The average error of the arithmetic mean is calculated using the following formula:

The average error (error of representativeness) for relative values ​​is determined by

formula:

where m p is the average error of the indicator;

p - indicator in% or in% o

q - (100 -p), (1000 -p)

n is the total number of observations

289 patients left the hospital, 12 of them died.

Relative value (mortality rate) p = (12: 289) x100 = 4.1%; q = 100 -p =

100-4.1 = 95.9, whence

m p = ±

Thus, the relative value in the repeated study will correspond to

Confidence limits is the maximum and minimum value within which

for a given degree of probability of an error-free forecast, the relative

indicator or average in the population

The confidence limits of the relative value in the general population are determined by

P gene = P select ± tm m

The confidence limits of the arithmetic mean in the general population are determined by the formula:

M gene = M select ± tm m

where P gene and M gene are the values ​​of the relative and average values ​​obtained for the general

the aggregate.

R select and M select - the values ​​of the relative and average values ​​obtained for the sample population.

m р and m m - error of representativeness for mean and relative values.

t - reliability criterion.

It was found that if t = 1, the reliability does not exceed 68%; if t = 2 -95%; if t = 3- 99%

In medical and biological research, it is considered sufficient if the criterion

reliability t ³ 2 (confidence 95%)

To find the criterion t for the number of observations £ 30, it is necessary to use a special

table

With a decrease in the magnitude of the representativeness error, the confidence limits decrease.

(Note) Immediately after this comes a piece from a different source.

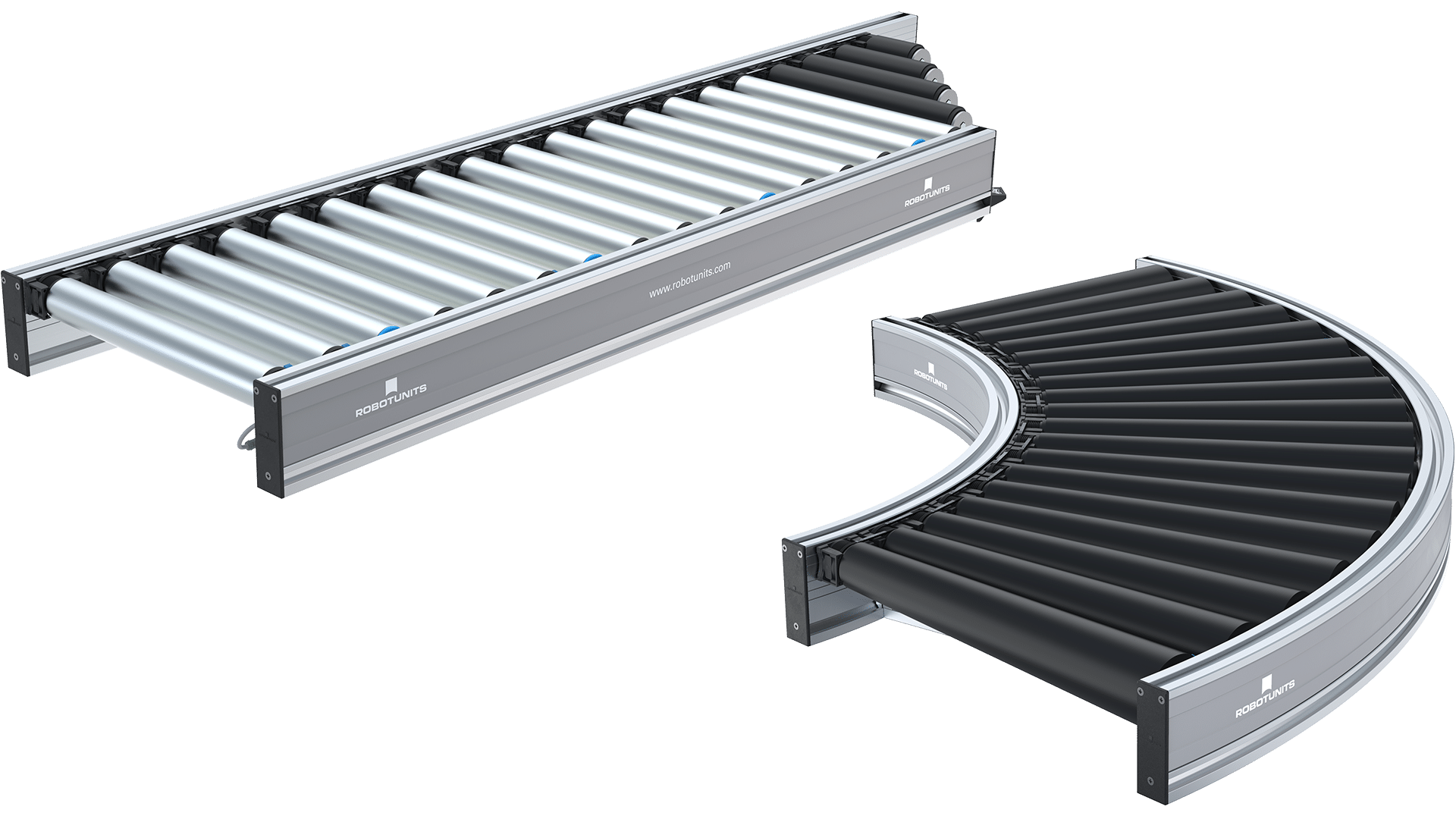 Trasportare scatole, pallet, cartoni e casse da A a B con una superficie di base stabile e piana, senza pressione di accumulo: questo è il punto di forza del sistema di trasportatori a rulli Robotunits. Grazie a diversi concetti di azionamento e varianti di design, esiste un trasportatore a rulli adatto per ogni applicazione.

average and relative values, i.e. the results of the study are refined, approaching

corresponding values ​​of the general population. If the error of representativeness

large, then they get large confidence limits, which may contradict

logical assessment of the desired value in the general population. Confidence limits

also depend on the degree of probability of an error-free forecast chosen by the researcher. At

a high degree of probability of an error-free forecast the range of confidence limits

Most often, the arithmetic mean is used to characterize the variation series.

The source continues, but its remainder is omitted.